I bristle when people lump any group into a stereotype. All teenagers are not bad, selfish and self-involved, and when we buy in to the stereotype, we reinforce those behaviours.
Still, I too groused about the mountain of shoes at the front door, the horrendous state of their bedrooms, and the vacuum of help I received when I asked them to, you know, vacuum. My teens had more important things on their minds and cleaning the house was not a priority.
I tried asking, yelling, threatening, crying, ignoring the mess, doing it myself, not speaking to them and bribing them, with varying results. Then I read Barbara Coloroso, who passed along the best advice I ever found on raising teens.
1) Teenagers are designed to test boundaries. They always want to stay out late, go places you're not comfortable letting them go and hang out with people you don't know. The underlying criteria in giving permission, however, should be: is it safe; is it moral; is it legal; and can you afford it.
2) It's not your job as the parent to convince your teenager to like your decision. It's their job to convince you that whatever it is they want to do meets that criteria — is it safe; is it moral; is it legal; and can you afford it.
3) If you want a 30-year-old kid on your hands, keep raising children. If you want your child to be a responsible, mortgage-paying, RSP-contributing adult at 30, you'd better start raising an adult. That means with every new freedom comes responsibility.
4) Teenagers have an amazing knack for pressuring parents into making snap decisions. Coloroso cautions parents not to give in to the pressure. You need to make careful judgements and that takes time. So, say this, she advises: If you want the answer now, it's no. If you want me to consider a yes answer, give me time. That doesn't guarantee they'll get what they want, but it also gives them time to respond to your main concerns — is it safe; is it moral; is it legal; and can you afford it.
My own experience taught me that logic works too. If I spent 30 minutes driving them to baseball, two hours watching the game and 30 minutes driving them home again, it's hard for them to say no when I ask for 10 minutes of washing dishes.
The spring before I put my house up for sale, I had the nasty job of cleaning up a winter's worth of dog droppings in the backyard.

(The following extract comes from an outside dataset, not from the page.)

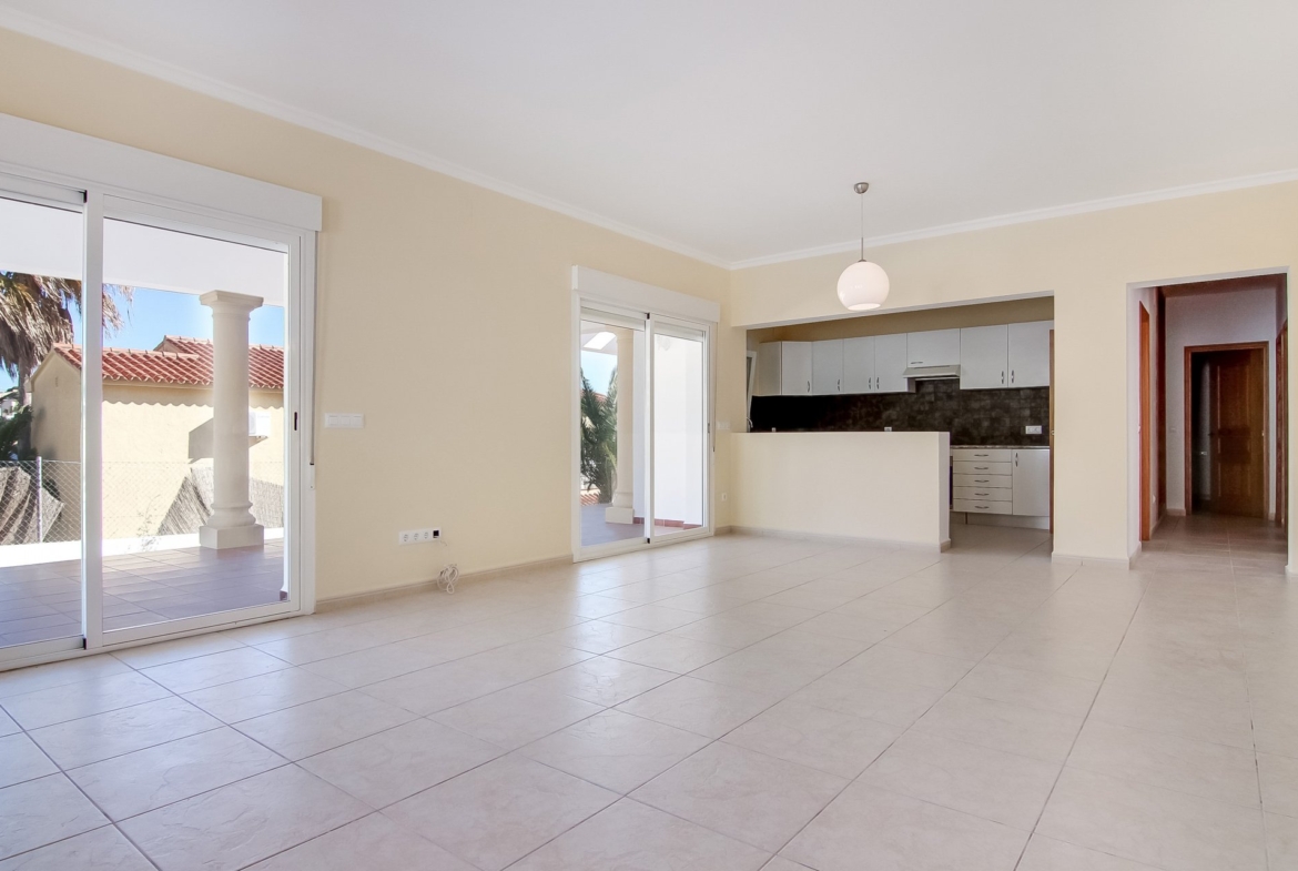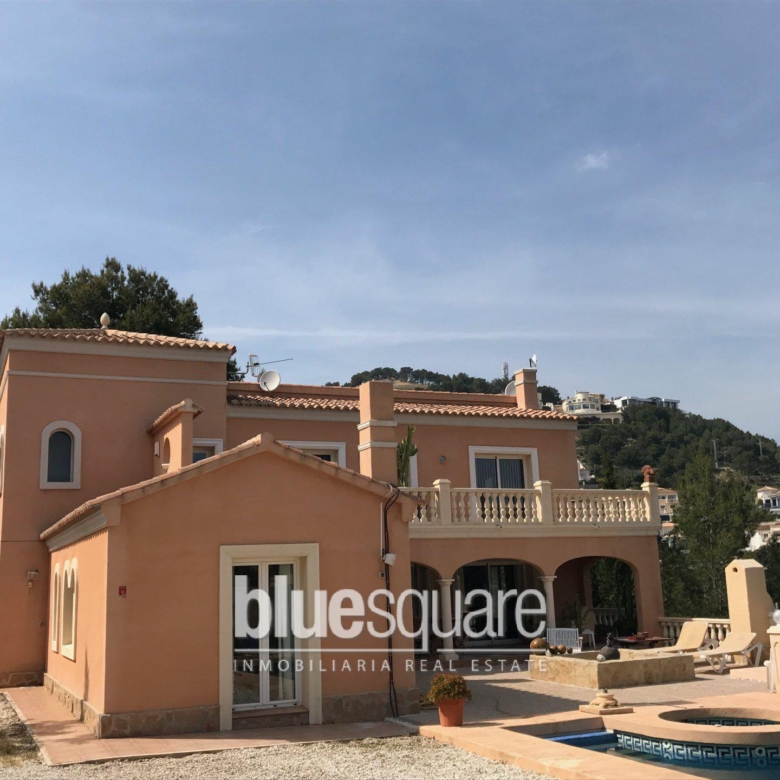 This 3 bedroom, 3 bathroom villa has been recently finished, using only high quality materials, fittings and fixtures, and lies right on the border of Moraira´s famed San Jaime Urbanisation, only a few minutes walk from the Golf course, many bars, restaurants, a supermarket, and only about 1.4 km from the beautiful Baladrar beach. The ground floor boasts a large american kitchen and living area, which opens out onto the pool and terrace area, as well as two bedrooms and two bathrooms. Upstairs the master bedroom has a large en-suite bathroom as well as two large terraces, on looking up the hillside, the other down to the sea. The high walls around the property offer privacy and security.

I was an empty-nester at the time and when I asked for 10 minutes help from them, they all refused, saying since they hadn't lived there all winter, why should they.
"But have you loved Sam for 10 minutes this winter?" was my response.
Hard to argue that one. Not only did they give me the 10 minutes I'd asked for, they completed the job.
Teenagers have a great facility for detecting hypocracy too, so it's important to step back and check your own behaviour before you come down on them.
Otherwise, pull out the baby books and remind yourself how much you love them. They are hormonal, emotional, confused beings who need some guidance as they spread their wings.
As you ride out the teen years, love them anyway.